Hypothesis

Age‑related increases in gut‑derived phenylacetic acid (PA) drive endothelial senescence, blood‑brain barrier (BBB) leakage, and vagal afferent dysfunction, thereby causing microglial activation and cognitive decline. Selective inhibition of the microbial phenylacetate‑CoA ligase that produces PA will lower circulating PA, restore BBB integrity, improve vagal signaling, and ameliorate brain aging phenotypes without requiring broad microbiome changes or SCFA restoration.

Mechanistic Rationale

Phenylacetic acid accumulates in aged mice and humans due to shifted microbial aromatic amino acid metabolism (3). PA enters the circulation, crosses a compromised BBB, and induces endothelial cell senescence via HDAC inhibition and increased VCAM‑1 expression, promoting leukocyte adhesion and further barrier breakdown (3). Senescent endothelial cells amplify microglial ROS production and innate immune activation (1). Concurrently, PA disrupts vagal afferent signaling by activating GPR84 on PHOX2B+ enteric neurons, reducing interoceptive input to the hippocampus and impairing memory engram formation (4, 5).

If PA is a primary upstream effector, lowering its production should protect the endothelium and vagal fibers, thereby breaking the gut→brain aging cascade even if the overall microbiota composition remains aged.

Testable Predictions

1. Metabolite level – Aged mice treated with a phenylacetate‑CoA ligase inhibitor will show a ≥40 % reduction in plasma PA compared with vehicle‑treated aged controls, while total SCFA concentrations remain unchanged.
2. BBB integrity – Inhibitor‑treated mice will exhibit decreased Evans blue extravasation and lower circulating CSF/plasma albumin ratio, indicating restored BBB tightness.
3. Endothelial senescence – Brain microvessels from inhibitor‑treated mice will have reduced SA‑β‑gal activity and VCAM‑1 immunostaining relative to controls.
4. Vagal signaling – Electrophysiological recordings of vagal afferent firing in response to gut distension will be increased, and hippocampal c‑Fos activation after vagal stimulation will be restored.
5. Neuroinflammation & cognition – Microglial Iba1 density and ROS production will be lowered, and performance in novel object recognition and Morris water maze will improve to levels comparable with young mice.
6. Specificity – Fecal microbiota transplantation from inhibitor‑treated aged donors into germ‑free young recipients will not transfer the protective phenotype, confirming that the effect is mediated by PA reduction rather than broader microbial shifts.

Experimental Design

• Subjects: 20‑month‑old C57BL/6J mice (n=10 per group).
• Intervention: Oral administration of a specific phenylacetate‑CoA ligase inhibitor (validated in vitro) daily for 8 weeks; control groups receive vehicle.
• Groups: (1) Aged + vehicle, (2) Aged + inhibitor, (3) Young + vehicle (baseline), (4) Aged + inhibitor + GPR84 antagonist (to test additive vagal rescue).
• Readouts: Plasma PA (LC‑MS/MS), BBB permeability (Evans blue, albumin ratio), endothelial senescence (SA‑β‑gal, VCAM‑1), vagal afferent activity (in vivo electrophysiology), microglial activation (Iba1, ROS), cognitive assays (novel object recognition, Morris water maze).
• Statistical analysis: ANOVA with post‑hoc Tukey; significance set at p<0.05.

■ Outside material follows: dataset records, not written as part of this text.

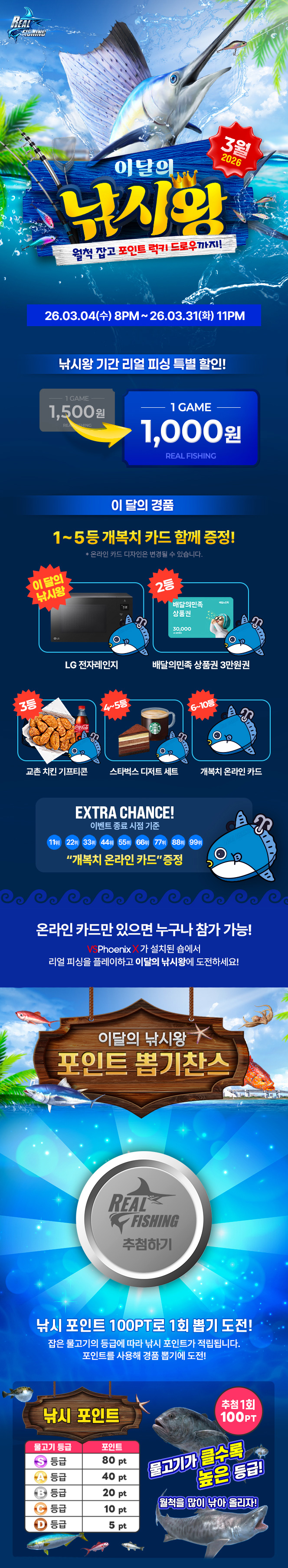 • WEB : 피닉스다트 APP → REAL FISHING 앱 아이콘 클릭 → 포인트 찬스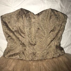 THIS DRESS IS PERFECT FOR A SPECIAL OCCASION! IT A CHAMPAGNE NUDE COLOR. IT IS A SIZE SMALL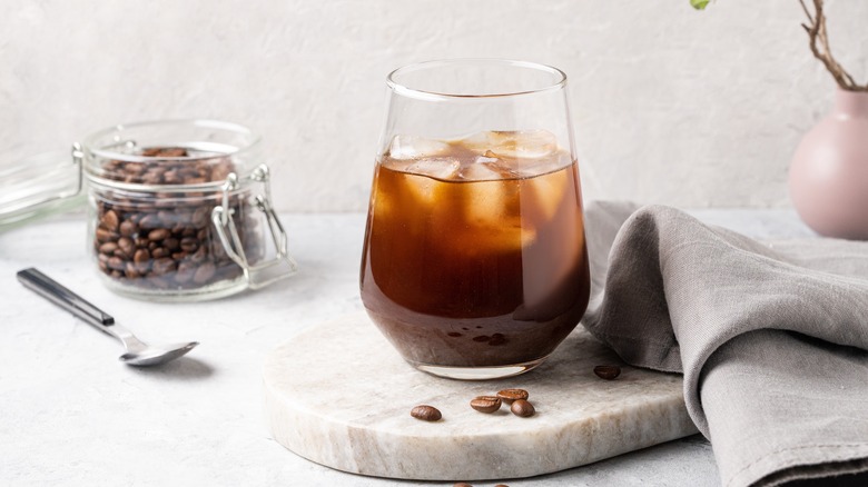 Iced Americanos are often compared to cold brew, and while the two drinks can both involve cold water and coffee, they are slightly different. True coffee aficionados will notice that iced Americanos usually taste more acidic and bitter than cold brew since they're originally made with hot water (via Caffe Nero). And while cold brew can be made by allowing grounds to sit in the fridge with water overnight, iced Americanos require you to whip out the espresso machine — and can be made with ice only, no water needed.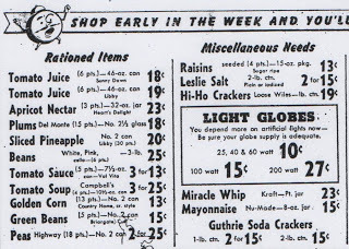 Starting March 1, 1943, three hundred items were rationed, including canned or bottled or frozen fruits and vegetables, canned or bottled juices and soups, and dried fruits. Fresh fruits and vegetables were not rationed, nor were pickles, relishes, or Jell-O.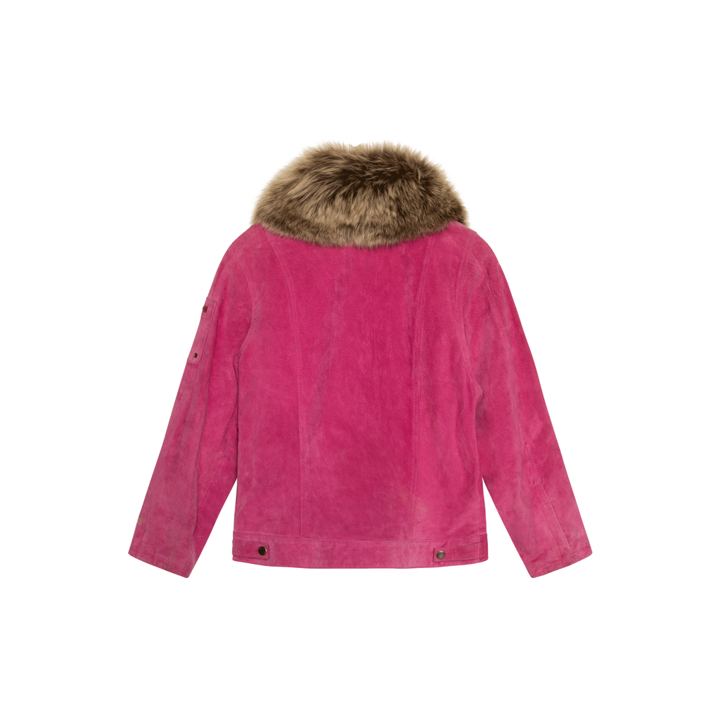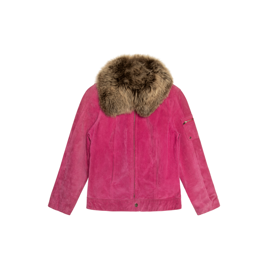 Vintage Pink Suede Jacket with Fur Collar features real fur collar, front zip closure, 2 side pockets, and one zippered patch pocket on left sleeve.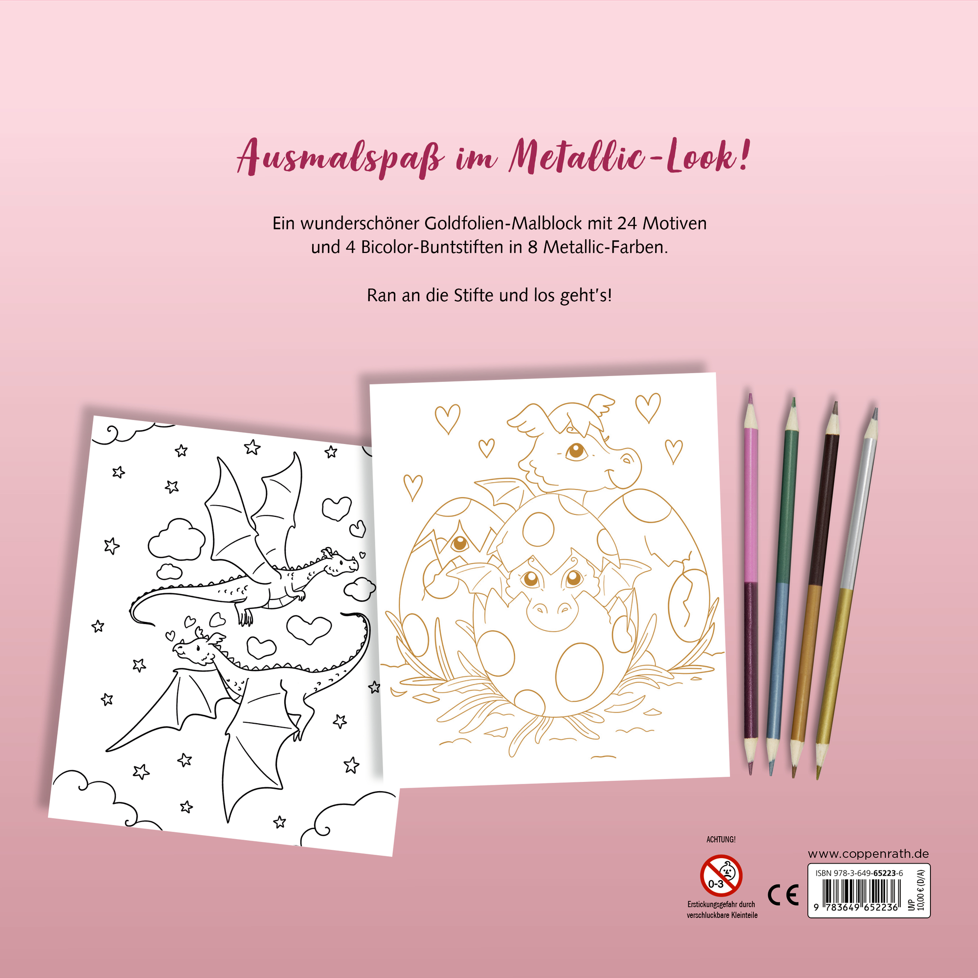 | Schlagworte | Ausmalblock • Ausmalblock mit Stiften • Ausmalen mit Metallic • Besonderes Malbuch mit Bicolorstiften • Duo-Stifte • Geschenkidee Kinder • Malblock Fantasy • Malblock Kinder • Metallic-Buntstifte • Metallic-Outlines |

Potential Outcomes and Interpretation

• If predictions hold: The data would support PA as a causal mediator of gut‑driven brain aging, demonstrating that targeting a single microbial metabolite can rescue BBB and vagal function, thereby ameliorating neuroinflammation and cognition. This would shift therapeutic focus from broad microbiome remodeling to precise metabolite inhibition.
• If PA reduction fails to improve BBB or cognition despite lowering PA: The hypothesis would be falsified, suggesting that PA is a biomarker rather than a driver, or that additional metabolites (e.g., MCFAs, TMAO) are required for the pathogenic cascade.
• If BBB improves but vagal signaling and cognition do not: This would indicate that endothelial protection is necessary but insufficient, emphasizing the need to concurrently restore vagal afferent integrity.

By providing a clear, falsifiable route to test whether a single gut‑derived metabolite sets the brain’s aging trajectory, this hypothesis advances the bottom‑up view of the gut‑brain axis and proposes a concrete, mechanism‑based intervention strategy for age‑related cognitive decline.